La bibliothèque est le lieu du foisonnement du savoir mais aussi celui de sa préservation. Vanessa de Senarclens propose avec La bibliothèque retrouvée une enquête qui vise à retracer la composition mais aussi la dispersion de la bibliothèque de Karl von Bismarck-Osten, partiellement perdue lors de l’invasion, par l’armée rouge, de la Poméranie orientale en 1945. Comment un savoir se construit-il ? Comment se dilue-t-il dans l’histoire ? A travers sa quête, la chercheuse nous confronte à la politique et aux guerres qui ont déchirées cette région ballottée par l’histoire.

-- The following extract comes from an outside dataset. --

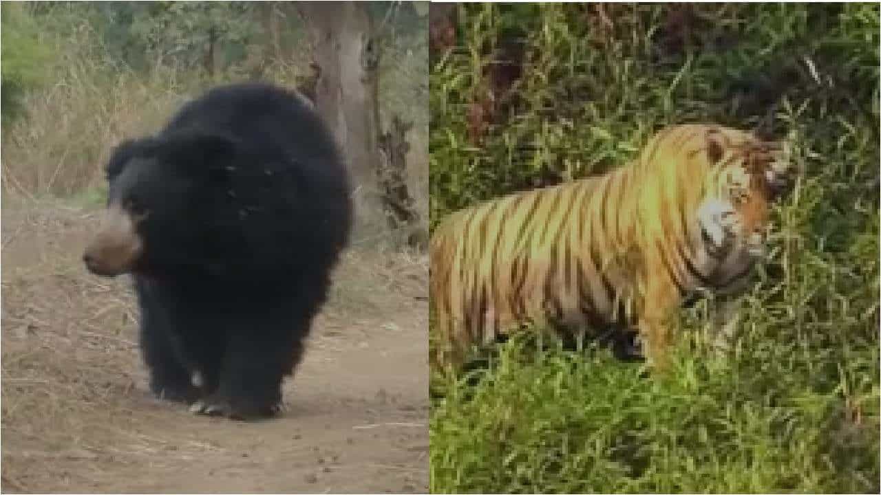 वाढत्या उन्हामुळं प्राणी पाण्यासाठी जंगलाबाहेर पडू लागले आहेत. त्यामुळं प्राण्यांचा मुक्ससंचार दिसत आहे. वाघांसह अस्वलाचा मुक्तसंचार कॅमेऱ्यात कैद झालाय.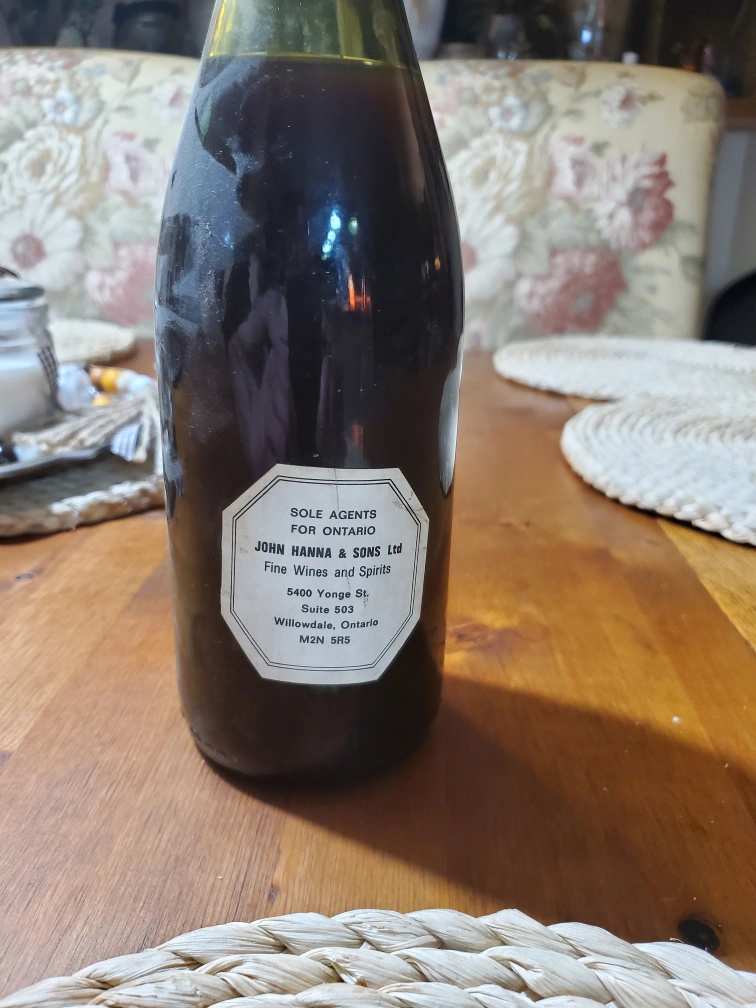 Selling a vintage bottle of Beaujolais-Villages Vin Primeur from 1985. It's a red table wine, bottled by Prosper Maufoux. Sole agents for Ontario: John Hanna & Sons Ltd.

Entre l’essai et le récit, La bibliothèque retrouvée n’hésite pas à mêler des éléments bibliographiques et historiques avec des considérations plus personnelles. La narratrice parvient cependant à s’effacer dans un geste d’humilité et se contente de livrer au lectorat une série de faits, de dates et de personnages sans rien inventer, comme elle le précise à la fin de son premier chapitre programmatique.

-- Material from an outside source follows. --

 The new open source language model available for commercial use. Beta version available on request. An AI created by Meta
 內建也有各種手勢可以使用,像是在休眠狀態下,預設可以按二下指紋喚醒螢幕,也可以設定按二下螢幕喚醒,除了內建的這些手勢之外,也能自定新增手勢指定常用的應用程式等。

L’émotion se manifeste alors que nous suivons cette bibliothèque dès sa naissance au dix-huitième siècle jusqu’à sa dispersion au vingtième. Le texte devient alors la biographie et la bibliographie d’un objet-lieu, véritable témoin de tout ce que ces siècles ont eu d’admirable mais aussi de détestable. Si l’on regrette parfois une trop grande richesse d’éléments qui risque de noyer les épisodes les plus marquants de cette épopée livresque, Vanessa de Senarclens livre cependant un texte riche en émotions qui ne manque pas de nous interroger sur cette période historiquement tendue qui est la nôtre.
Vanessa de Senarclens, La bibliothèque retrouvée, Genève, Zoé, 256 pages, 27,50 CHF.